● TRY IT: Shown below is a listing with pictures; reproduce exactly, and only, the lines between the ones containing "VTG Eagles Eye" and "Encienda la vela", inclusive, leaving the pictures out.

● TASK INPUTS:
--------------------------------
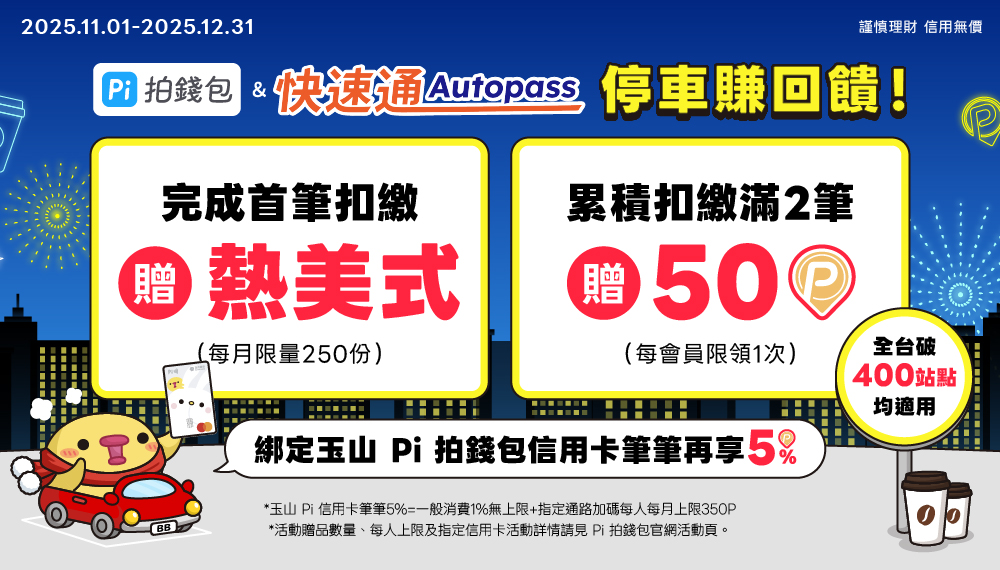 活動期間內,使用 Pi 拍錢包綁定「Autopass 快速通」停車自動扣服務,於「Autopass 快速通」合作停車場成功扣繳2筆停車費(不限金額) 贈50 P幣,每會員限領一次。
--------------------------------
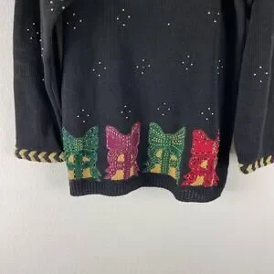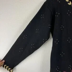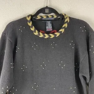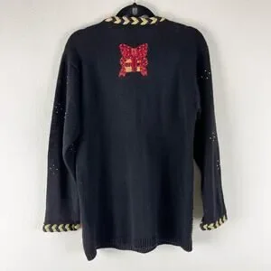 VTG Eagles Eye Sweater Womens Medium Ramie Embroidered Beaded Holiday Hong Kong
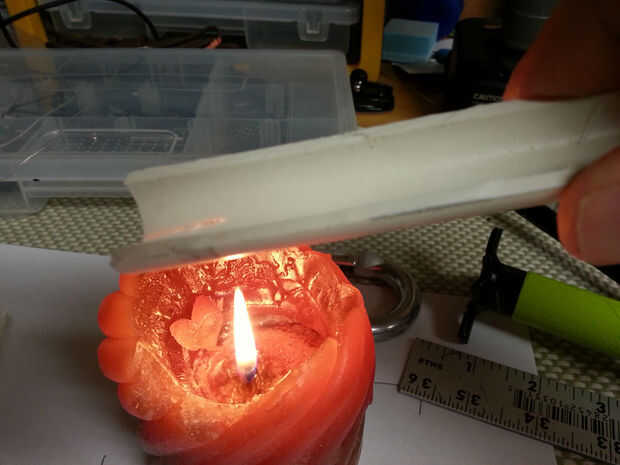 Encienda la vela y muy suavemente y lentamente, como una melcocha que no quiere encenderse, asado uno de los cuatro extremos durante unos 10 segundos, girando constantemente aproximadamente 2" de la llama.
--------------------------------
● RESPONSE TO THE TASK:
 VTG Eagles Eye Sweater Womens Medium Ramie Embroidered Beaded Holiday Hong Kong
 Encienda la vela y muy suavemente y lentamente, como una melcocha que no quiere encenderse, asado uno de los cuatro extremos durante unos 10 segundos, girando constantemente aproximadamente 2" de la llama.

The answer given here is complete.